▶ WHAT YOU NEED TO DO
Go to the line below containing "Why it matters: This" and print exactly from there through the line containing "Collar bañado en", both included. Print nothing else.

============================================================

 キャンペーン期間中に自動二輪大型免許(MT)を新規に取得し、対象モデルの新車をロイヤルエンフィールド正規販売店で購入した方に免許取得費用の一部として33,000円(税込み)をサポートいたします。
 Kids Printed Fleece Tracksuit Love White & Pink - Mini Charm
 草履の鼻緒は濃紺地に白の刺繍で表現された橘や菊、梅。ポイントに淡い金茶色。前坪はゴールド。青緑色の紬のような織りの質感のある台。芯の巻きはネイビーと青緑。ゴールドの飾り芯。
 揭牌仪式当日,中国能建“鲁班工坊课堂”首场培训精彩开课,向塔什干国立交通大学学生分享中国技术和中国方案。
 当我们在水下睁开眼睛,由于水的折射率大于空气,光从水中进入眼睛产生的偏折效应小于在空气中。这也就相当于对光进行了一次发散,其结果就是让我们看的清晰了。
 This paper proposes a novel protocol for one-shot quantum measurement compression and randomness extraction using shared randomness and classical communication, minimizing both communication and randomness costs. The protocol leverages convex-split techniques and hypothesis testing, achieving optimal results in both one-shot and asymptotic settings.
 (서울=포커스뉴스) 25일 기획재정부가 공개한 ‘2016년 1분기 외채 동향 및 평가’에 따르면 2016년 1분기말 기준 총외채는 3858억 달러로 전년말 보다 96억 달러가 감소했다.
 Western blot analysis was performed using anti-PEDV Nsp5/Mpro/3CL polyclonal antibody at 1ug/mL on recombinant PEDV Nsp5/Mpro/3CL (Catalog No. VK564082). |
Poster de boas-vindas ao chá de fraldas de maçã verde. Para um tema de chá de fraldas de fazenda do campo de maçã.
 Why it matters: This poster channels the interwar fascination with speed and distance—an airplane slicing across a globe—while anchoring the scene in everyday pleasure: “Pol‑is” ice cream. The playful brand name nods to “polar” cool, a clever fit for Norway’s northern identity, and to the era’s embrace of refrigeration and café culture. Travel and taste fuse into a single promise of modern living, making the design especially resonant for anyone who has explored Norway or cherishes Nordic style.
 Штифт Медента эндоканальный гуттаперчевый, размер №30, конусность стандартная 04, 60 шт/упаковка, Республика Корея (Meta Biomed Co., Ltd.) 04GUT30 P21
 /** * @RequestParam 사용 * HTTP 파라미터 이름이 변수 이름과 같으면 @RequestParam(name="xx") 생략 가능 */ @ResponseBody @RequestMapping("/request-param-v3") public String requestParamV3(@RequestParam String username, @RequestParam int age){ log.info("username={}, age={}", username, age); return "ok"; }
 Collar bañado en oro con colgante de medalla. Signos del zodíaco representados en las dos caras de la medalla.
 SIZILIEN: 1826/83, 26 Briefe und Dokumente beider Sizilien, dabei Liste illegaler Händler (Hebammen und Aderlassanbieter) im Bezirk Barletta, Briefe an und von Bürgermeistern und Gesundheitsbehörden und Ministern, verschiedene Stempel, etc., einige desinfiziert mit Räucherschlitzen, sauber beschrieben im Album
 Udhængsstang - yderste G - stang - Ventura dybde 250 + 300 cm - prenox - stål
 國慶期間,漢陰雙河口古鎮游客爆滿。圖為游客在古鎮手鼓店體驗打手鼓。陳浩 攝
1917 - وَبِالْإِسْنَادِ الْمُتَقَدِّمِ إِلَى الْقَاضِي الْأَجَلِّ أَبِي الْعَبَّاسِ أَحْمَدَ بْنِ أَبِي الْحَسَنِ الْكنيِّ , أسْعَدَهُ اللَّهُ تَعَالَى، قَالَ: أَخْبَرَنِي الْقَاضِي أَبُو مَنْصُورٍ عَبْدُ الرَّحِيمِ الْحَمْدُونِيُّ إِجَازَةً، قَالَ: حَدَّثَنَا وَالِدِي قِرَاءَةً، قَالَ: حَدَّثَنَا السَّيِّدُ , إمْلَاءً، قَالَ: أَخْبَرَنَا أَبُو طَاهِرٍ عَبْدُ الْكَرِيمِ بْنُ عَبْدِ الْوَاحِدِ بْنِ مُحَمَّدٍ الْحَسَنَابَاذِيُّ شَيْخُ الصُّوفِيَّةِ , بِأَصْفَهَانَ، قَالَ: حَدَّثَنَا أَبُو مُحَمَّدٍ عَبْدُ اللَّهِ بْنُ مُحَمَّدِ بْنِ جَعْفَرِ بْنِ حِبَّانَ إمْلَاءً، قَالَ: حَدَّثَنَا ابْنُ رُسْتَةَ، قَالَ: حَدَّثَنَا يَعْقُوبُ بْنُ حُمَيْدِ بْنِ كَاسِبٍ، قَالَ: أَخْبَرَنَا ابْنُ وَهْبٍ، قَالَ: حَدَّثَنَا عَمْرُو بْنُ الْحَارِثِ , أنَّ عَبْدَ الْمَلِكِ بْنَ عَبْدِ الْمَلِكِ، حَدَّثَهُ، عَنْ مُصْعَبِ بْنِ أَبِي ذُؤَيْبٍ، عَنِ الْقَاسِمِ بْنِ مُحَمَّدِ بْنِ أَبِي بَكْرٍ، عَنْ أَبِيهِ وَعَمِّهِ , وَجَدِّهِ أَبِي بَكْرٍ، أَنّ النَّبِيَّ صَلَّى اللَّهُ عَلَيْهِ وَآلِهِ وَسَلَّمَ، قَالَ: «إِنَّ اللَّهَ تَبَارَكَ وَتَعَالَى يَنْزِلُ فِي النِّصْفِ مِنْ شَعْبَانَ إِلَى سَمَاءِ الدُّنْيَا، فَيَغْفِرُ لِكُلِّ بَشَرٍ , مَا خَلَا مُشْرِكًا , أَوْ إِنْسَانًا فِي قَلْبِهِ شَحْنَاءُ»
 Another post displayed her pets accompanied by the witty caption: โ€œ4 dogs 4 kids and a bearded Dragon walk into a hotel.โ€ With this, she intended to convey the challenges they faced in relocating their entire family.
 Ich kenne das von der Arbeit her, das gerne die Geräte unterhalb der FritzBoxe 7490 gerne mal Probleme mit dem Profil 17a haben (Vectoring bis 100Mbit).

============================================================

▶ SOLUTION TO THIS EXERCISE
 Why it matters: This poster channels the interwar fascination with speed and distance—an airplane slicing across a globe—while anchoring the scene in everyday pleasure: “Pol‑is” ice cream. The playful brand name nods to “polar” cool, a clever fit for Norway’s northern identity, and to the era’s embrace of refrigeration and café culture. Travel and taste fuse into a single promise of modern living, making the design especially resonant for anyone who has explored Norway or cherishes Nordic style.
 Штифт Медента эндоканальный гуттаперчевый, размер №30, конусность стандартная 04, 60 шт/упаковка, Республика Корея (Meta Biomed Co., Ltd.) 04GUT30 P21
 /** * @RequestParam 사용 * HTTP 파라미터 이름이 변수 이름과 같으면 @RequestParam(name="xx") 생략 가능 */ @ResponseBody @RequestMapping("/request-param-v3") public String requestParamV3(@RequestParam String username, @RequestParam int age){ log.info("username={}, age={}", username, age); return "ok"; }
 Collar bañado en oro con colgante de medalla. Signos del zodíaco representados en las dos caras de la medalla.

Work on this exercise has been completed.